The education body has revealed a shake-up to the system, which will now see a good rating to be the minimum expected of a school.
The satisfactory rating will no longer be seen as adequate.
In Sunderland, 60 per cent of schools are rated either good or outstanding, compared to the national average of almost 70 per cent.
But Mike Johnson, Sunderland secretary of NASUWT, National Association of Schoolmasters Union of Women Teachers, reacted angrily to the change.
He said: “All schools wish to be good or better. All teachers wish to deliver a good education. By redefining the scale to exclude satisfactory from its range of standards and demanding that all schools produce good educational standards or better, is merely posturing.

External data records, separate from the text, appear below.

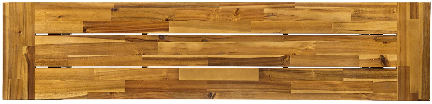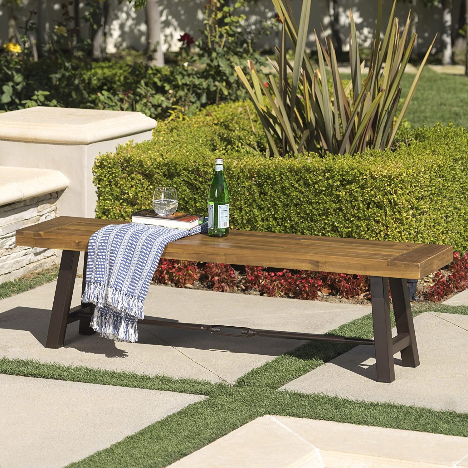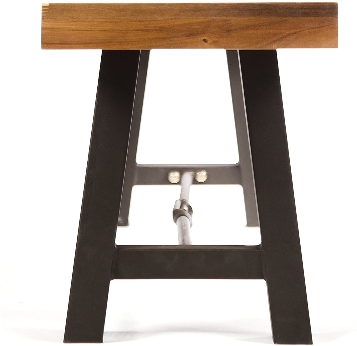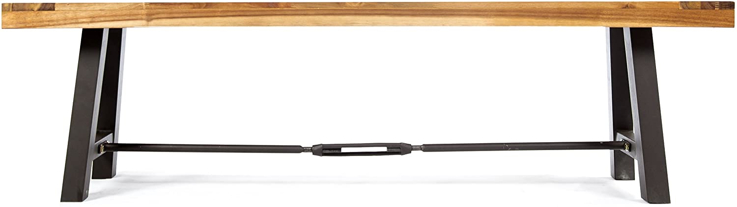 This bench is the perfect accompaniment to your outdoor dining table. Sturdy, durable, and attractive, this is a smart purchase you won’t regret. Made from the highest quality aluminum cast to precision specifications. Includes: One (1) Bench Material: Acacia Wood Frame Material: Metal Finish: Teak Frame Finish: Rustic Metal Assembly Required Hand Crafted Details Dimensions: 14.50 inches deep x 63.00 inches wide x 17.75 inches high
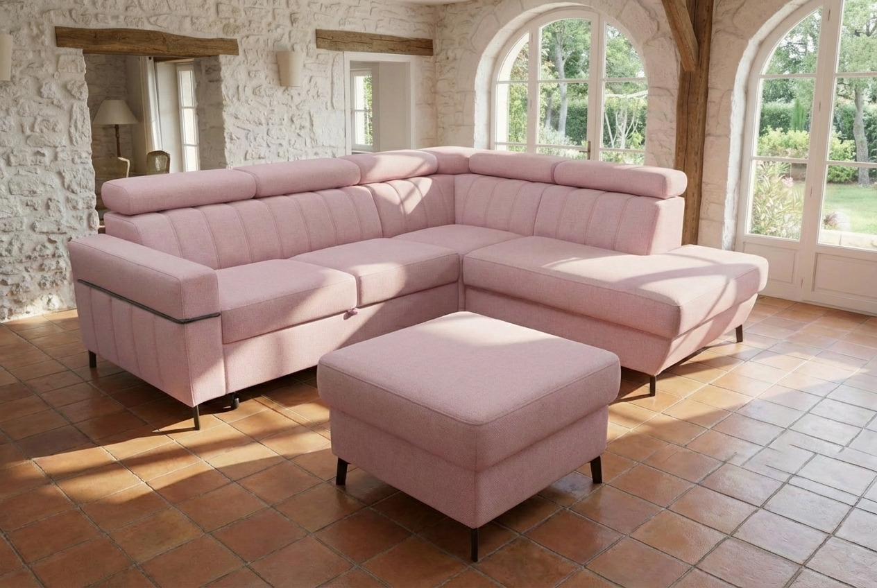 Taburet se skvěle kombinuje se sedačkou ve stejném stylu a vytváří moderní, čistý a luxusní celek.
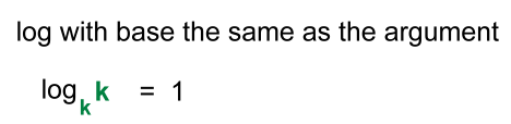 ![]() Rule 5: logkk ![]() Use this rule when the base of the log is the same as the argument. Here's an example: ![]() This makes sense, because when you find a log, you're just finding the exponent of 3, which here is an invisible '1'. RULE 5: logkk | RULE 6: logkkn | RULE 7: blogbk | PRACTICE 1 | PRACTICE 2 |
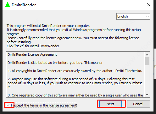 2、首先点击dmitriRender_5.0.0.1.exe,选择同意条款继续安装;
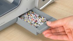 • Duża szuflada na ścinki z systemem samoczynnego otwarcia boków przy przepełnieniu zapobiega zakleszczeniu
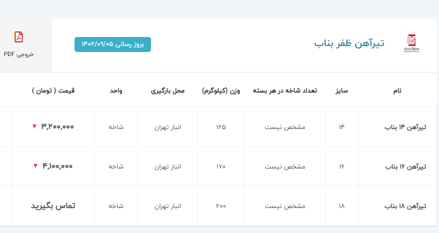 اعلام موجودی نبشی فولاد جاوید بناب " فولاد جاوید بناب " با سلام و عرض ادب *قیمت روز یکشنبه ۱۴۰۲/۰۹/۰۵ 🔹نبشی 40*3 سبک : ۲۵۰۰۰۰ ریال 🔹نبشی 40*3 : ۲۲۷۰۰۰ ریال 🔹نبشی 40*4 سبک : ۲۲۷۵۰۰ ریال 🔹نبشی 40*4 : ۲۲۷۰۰۰ ریال 🔹نبشی 50*3 سبک : ۲۵۰۰۰۰ ریال 🔹نبشی 50*3 : ۲۲۷۰۰۰ ریال 🔹نبشی 50*4 سبک : ۲۲۹۰۰۰ ریال 🔹نبشی 50*4 : ۲۲۷۰۰۰ ریال 🔹نبشی 50*5 سبک : ۲۲۸۵۰۰ ریال 🔹نبشی 50*5 : ۲۲۷۰۰۰ ریال 🔹نبشی 60*3 : ۲۴۵۰۰۰ ریال 🔹نبشی 60*4 : ۲۳۵۰۰۰ ریال 🔹نبشی 60*5 : ۲۲۷۰۰۰ ریال 041-37780433-6

“Teachers and schools need support to achieve their best. The Government however, has sought to dismantle local education authorities by reducing funding and forcing local authorities to make staff redundant and thus reduce the possible source of genuine support for schools and teachers.”
Sharon Hodgson, MP for Washington and Sunderland West and Shadow Education Minister, added: “Simply changing the Ofsted classifications isn’t enough.
“Heads and teachers are already striving to get the best results for their pupils. Unfortunately, the Government is putting those efforts at risk, with teacher numbers falling and money which could be used to boost performance in all schools being wasted on pet projects.”
Ofsted said it is raising the bar for inspections and the key changes from September are:
l To be judged outstanding a school must have outstanding teaching and not just meet the grade in other areas.
l A new grade “requires improvement” replaces the “satisfactory” grade.
l Schools will be notified of an inspection by telephone the afternoon before, so inspectors will see schools as they really are.
Coun Pat Smith, portfolio holder for children’s services in Sunderland, said: “All of our schools have a commitment to providing pupils with the best possible standards of education and have continuous improvement at the centre of their planning regardless of their current Ofsted gradings.
“Ofsted already recognise that 60 per cent of our schools are good or outstanding, and we will continue to support all of our schools to achieve similar recognition.
“While Ofsted’s announcement will only add to demands faced by schools already having to cope with increasing pressures, we appreciate what these new guidelines are trying to achieve and prepared to respond accordingly.”